Haizal Faquan

Personal information
- Full name: Mohd Haizal Faquan Bin Sadarudin
- Date of birth: 15 February 1991 (age 35)
- Place of birth: Ipoh, Perak, Malaysia
- Height: 1.70 m (5 ft 7 in)
- Position: Defender

Team information
- Current team: PJ Rangers

Youth career
- 2012–: Perak FA

Senior career*
- Years: Team / Apps / (Gls)
- 2013–2014: Perak FA / 13 / (0)
- 2015: DRB-Hicom F.C. / 0 / (0)

= Mohd Haizal Faquan Sadarudin =

Malaysian footballer

Mohd Haizal Faquan Sadarudin (born 15 February 1991) is a Malaysian footballer. He currently played as a defender for DRB-Hicom F.C.

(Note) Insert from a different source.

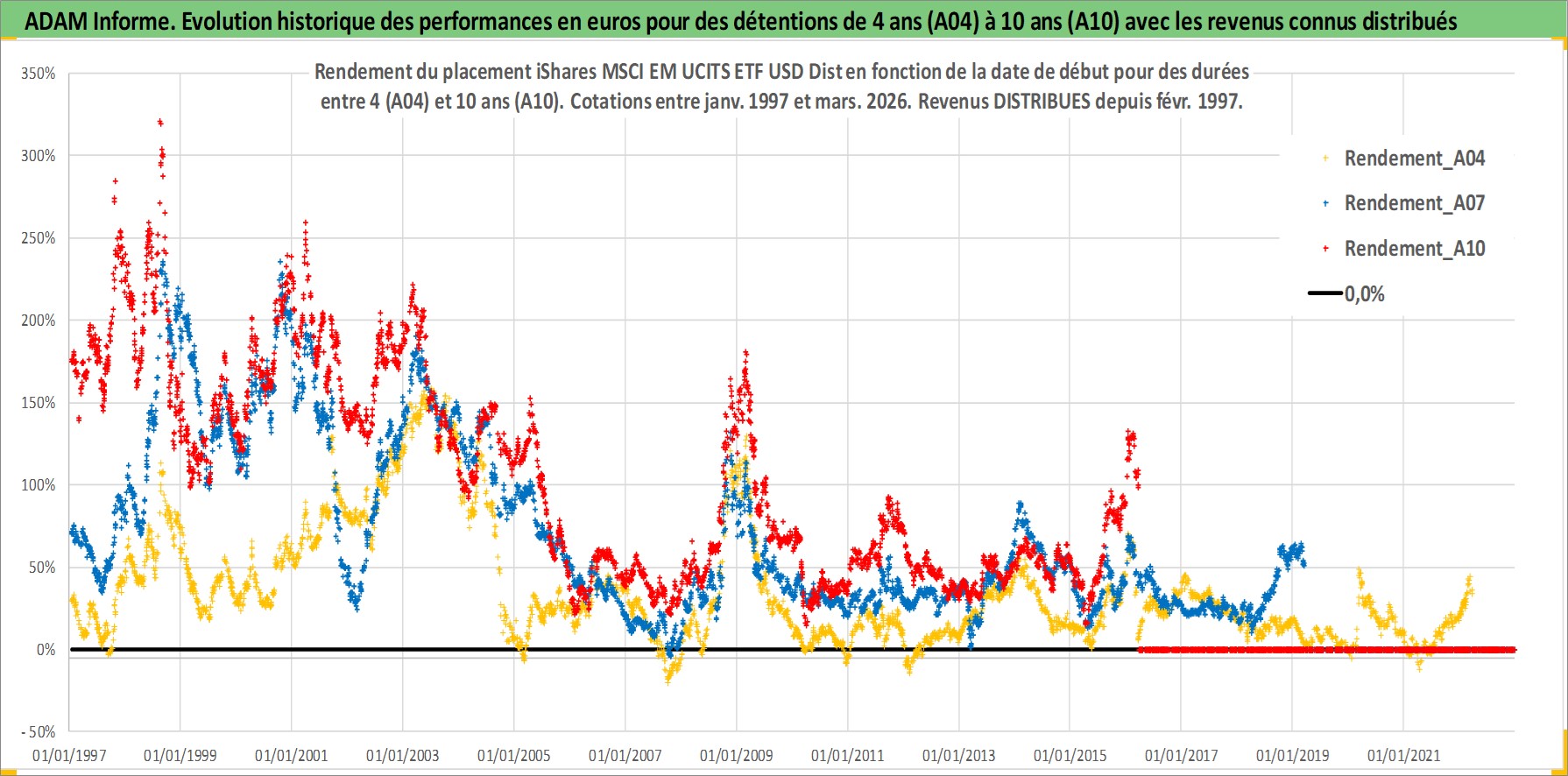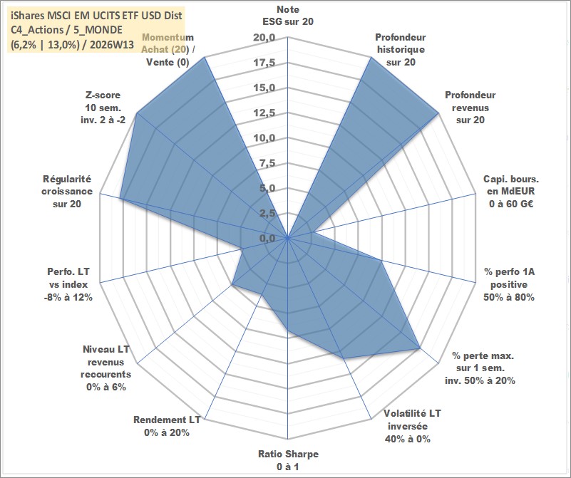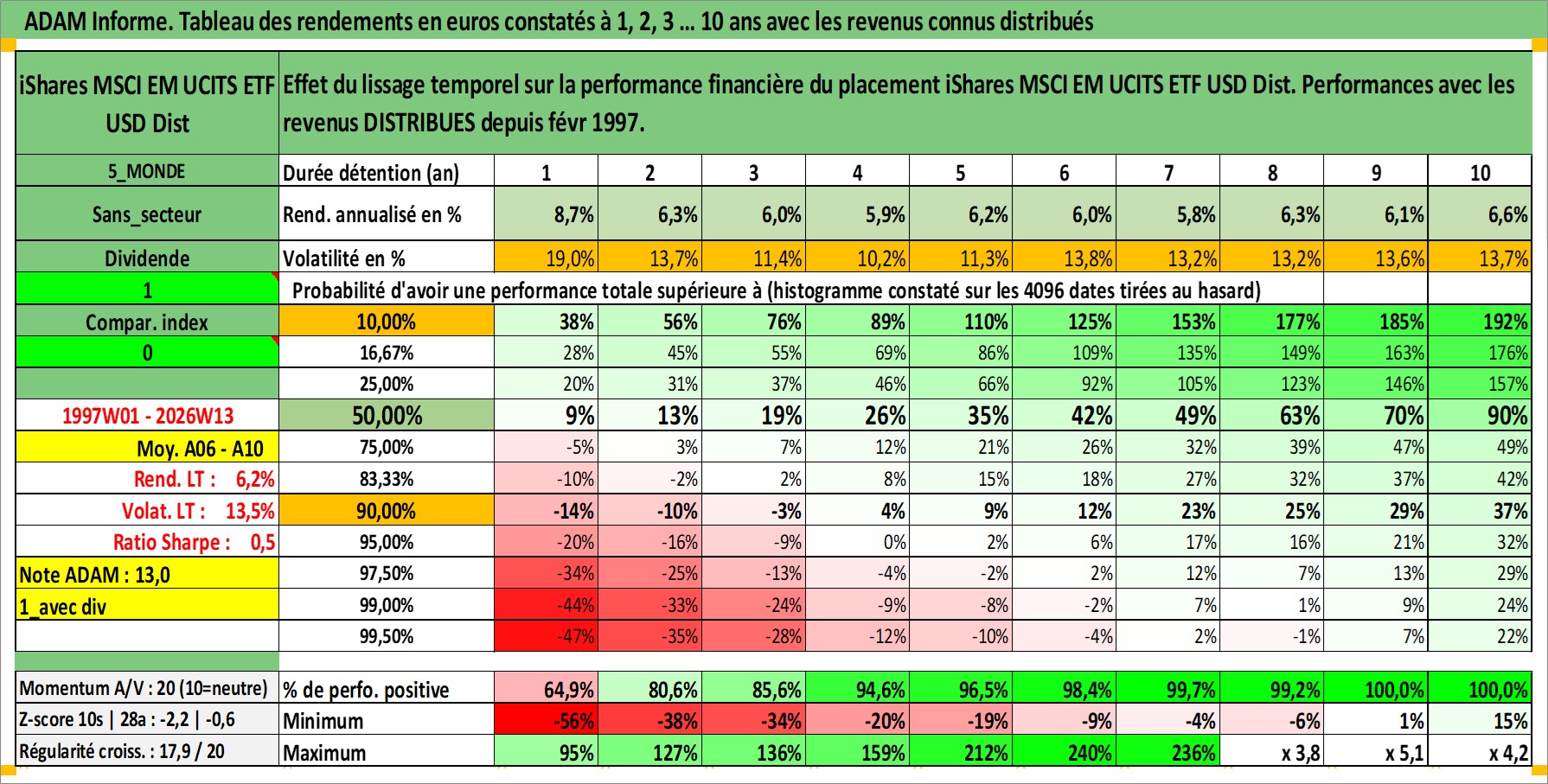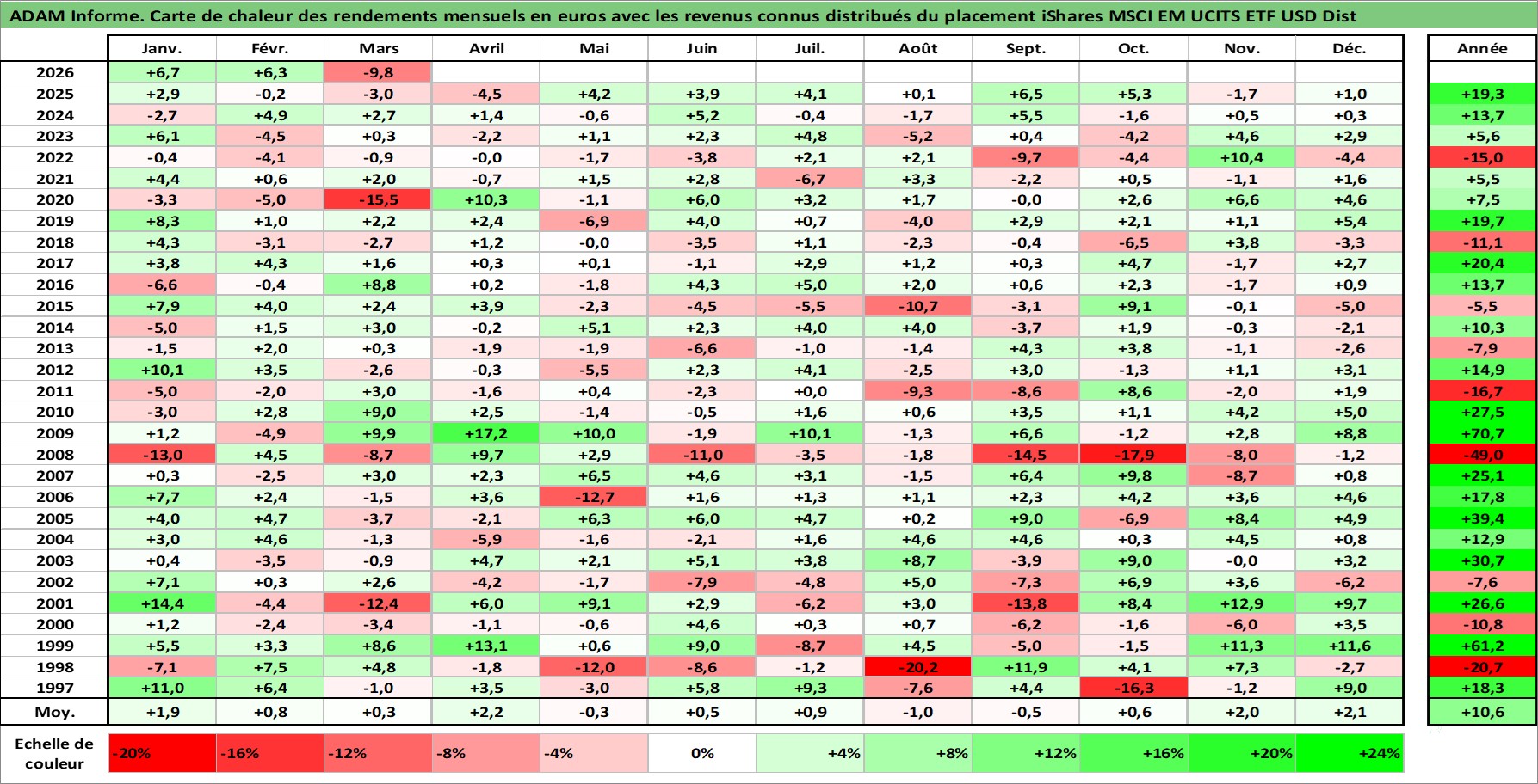 Site dédié aux investisseursPage dédiée sur site financeAnalyse des valorisations hebdomadaires du fonds iShares MSCI EM UCITS ETF USD Dist. Cet actif est cote en USD. Les valorisations sont en contrevaleur EURO et couvrent les semaines 1997W01 a 2026W13. Les revenus de cet actif financier sont pris en compte depuis la semaine 1997W09. La note ESG de cet actif n'est pas connue.

Starting his career at Perak youth system, he was in the Perak under-23 team that won 2012 Malaysia President Cup and 2012 King's Gold Cup. He was promoted to the senior team for the 2013 Malaysia Super League campaign. Due to injuries and suspensions to the senior players, Haizal made his league debut on 15 January 2013 in a match against Felda United FC.

Haizal's contract with Perak was terminated in early April 2014 due to long term injuries, which restricted his appearances to only one league game in the 2014 Super League season.